Saturday, April 4, 2009

Accountability Post!


Okay, I did 30 min. of Nordic Track with 5 minutes of using the arms. The other thing I did today was to pick up a copy of the Dr. Phil book on weight loss, The Ultimate Weight Loss Solution. It was only 50 cents at a thrift store so I thought, why not? I was in for a surprise just reading the first couple of chapters.

I had prided myself for doing 30 minutes of working out 4-6 days a week, but he suggest that you need to do 3-4 hours per week. Add up my 30 minutes a day and it is barely cutting the mustard (only if I do the 5-6 days a week!). At my age and fitness level, I am capable of doing the 4 hours per week, which is 240 minutes per week or 40-60 minutes per day depending on the 4-6 days per week.

He pointed out that 10,000 steps per day was sited as optimal. I know since switching to a stay at home job, I'm not moving as much as I used to, plus, the 30 minute workout was still lower than 600 steps. Yikes! This means during the day I need to have 9,400 more steps per day.

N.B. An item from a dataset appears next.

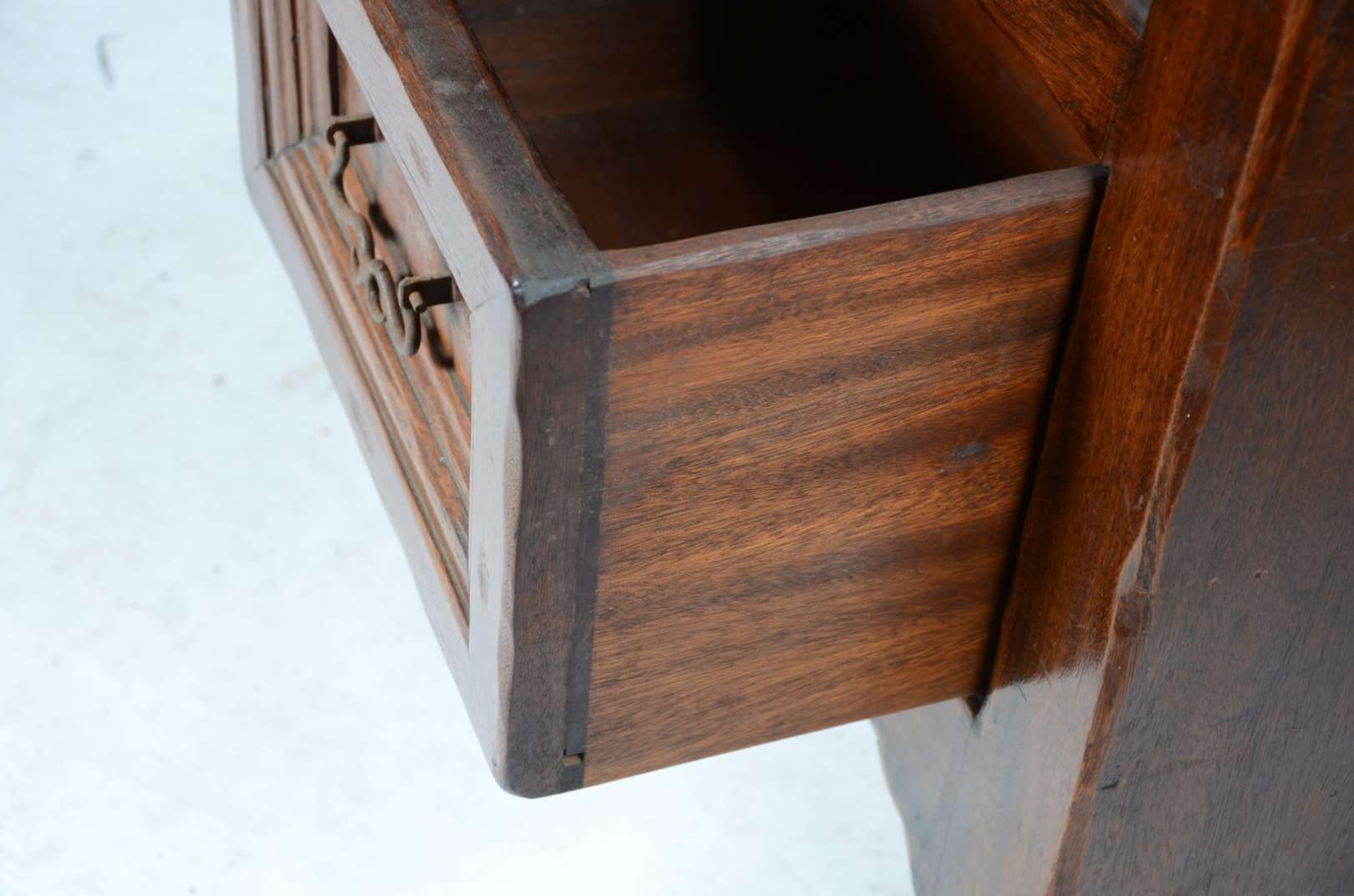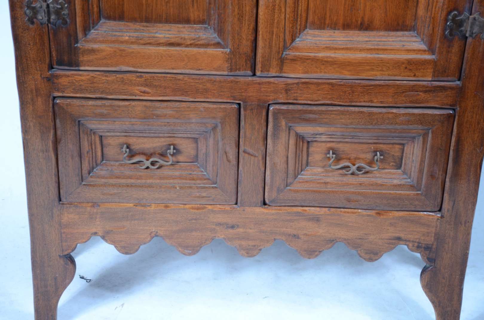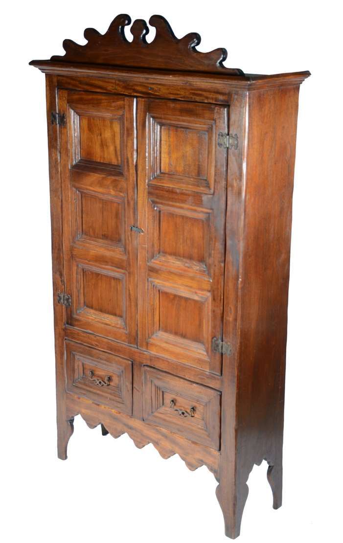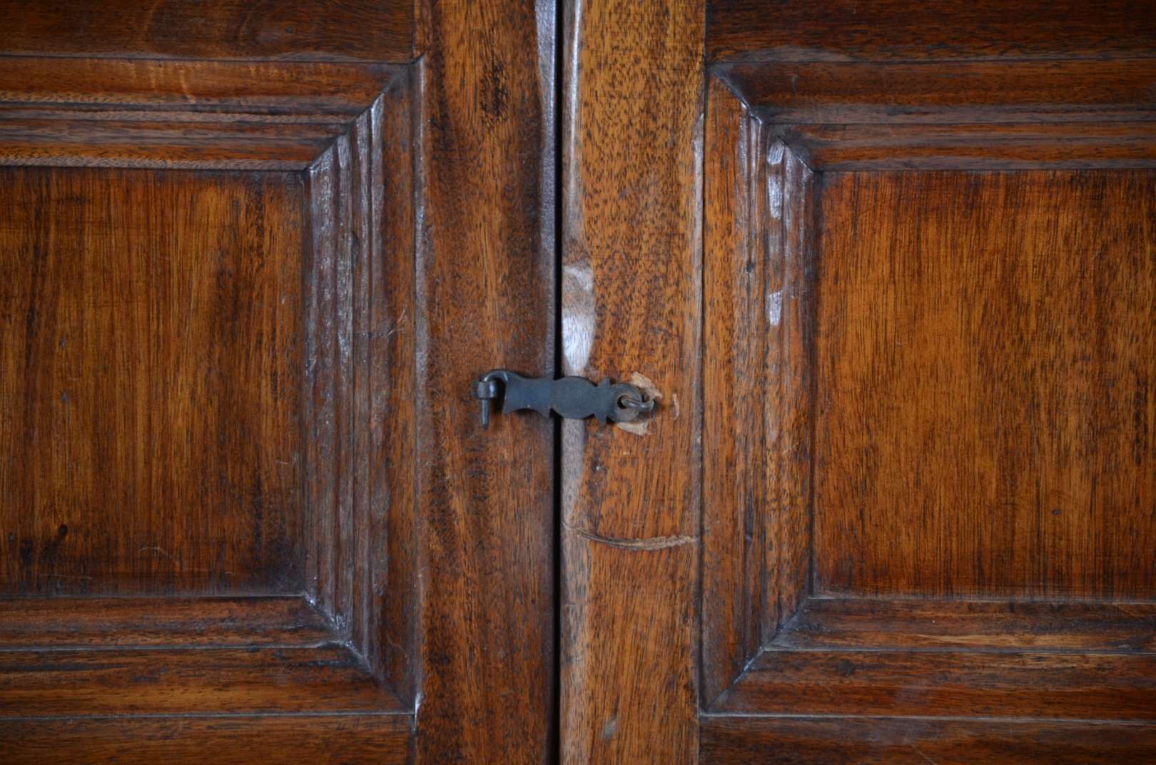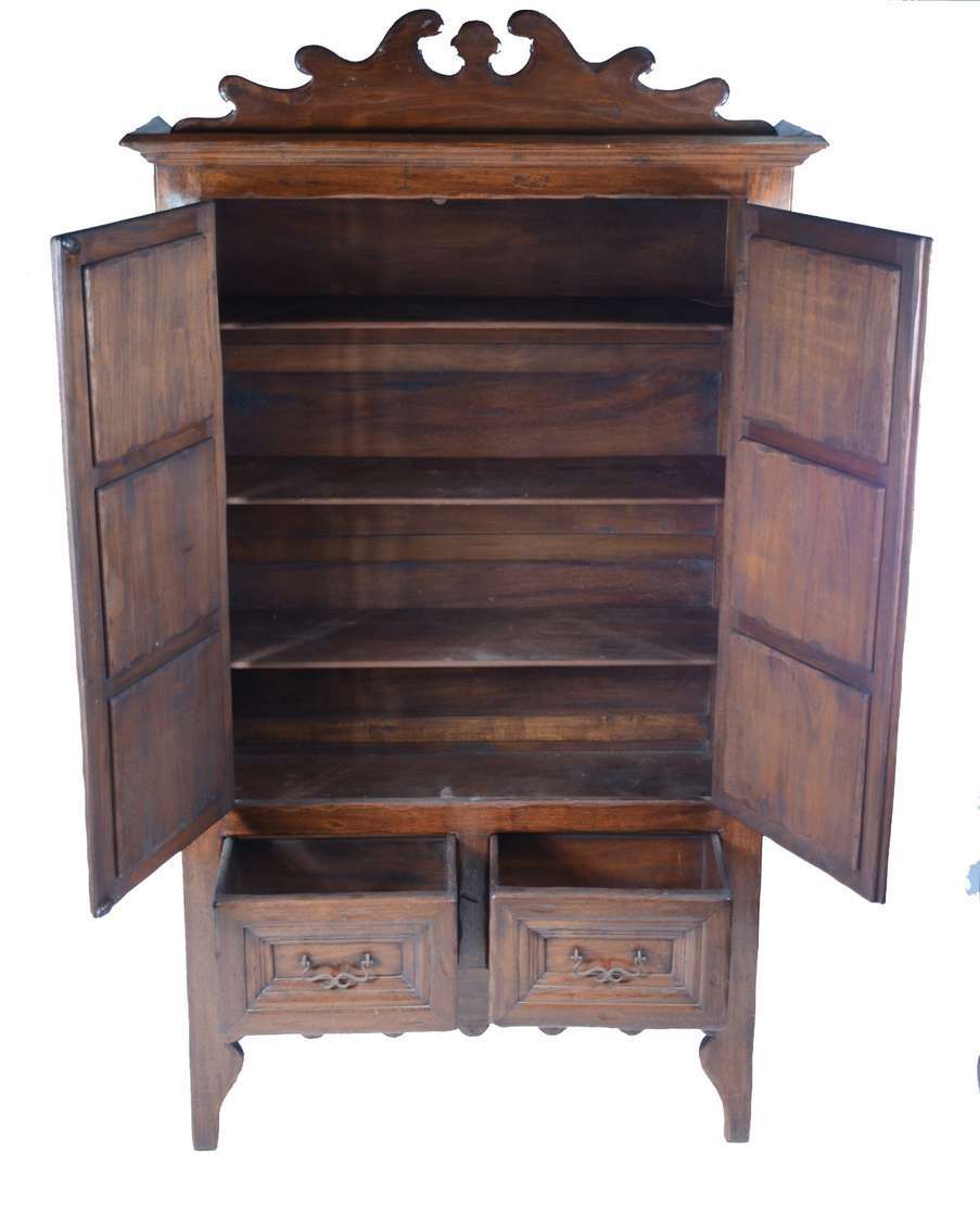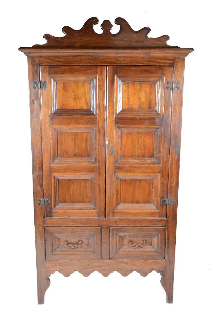 Arca de madeira nobre com 2 portas almofadadas e 1 gavetão na parte inferior

He taught how to form clear and concise goals making sure there is a measurement value. So instead of saying you want to weigh a certain weight, state that you want to lose so many pounds by so many weeks so you can feel _________.

In order to stay realistic, healthy weight loss is about 2 or 3 pounds per week. He had a waist to hip ratio to track your progress - waist inches/hip inches = percentage and women are best if lower than .80. The lower the value, the healthier weight distribution.

Lastly, he had charts that were more realistic for what you should weigh for you height, taking into consideration your bone structure.

So with all this to consider, I want to lose 16 pounds, 2-3 pounds per week by May 16th (6 weeks). This will put me at a medium range weight for my bone structure and it is realistic since looking back, this was a good weight for me. It was not my skinny minny high school weight either, but my adult body weight when I was feeling pretty good.

I want to lose the 16 pounds so I can feel better about myself, feel lighter, have more energy throughout the day, fit into the cute clothes I had at that weight (couldn't bring myself to get rid of the clothes I really liked), and feel healthier all around.

Tomorrow is going to be a fun day, meaning, I'll perhaps take a walk or something else to keep moving, but not as a major workout. Monday will be my day off. I'm not a Monday person!

Other things I can do is to limit my portions a bit, I already eat the healthy stuff. Eat 6 small meals a day and drink 6 glasses of water. When I go to restaurants, I will try the trick of asking for a box right away and put away half for a later meal. It will save money too!

How's this for an accountability post?!

Fitnfun :O)

1 comment:

  1. I don't work out nearly enough according to that standard. But I don't have enough time. :-(

    I love the put away your take home portion first strategy. That is very cool.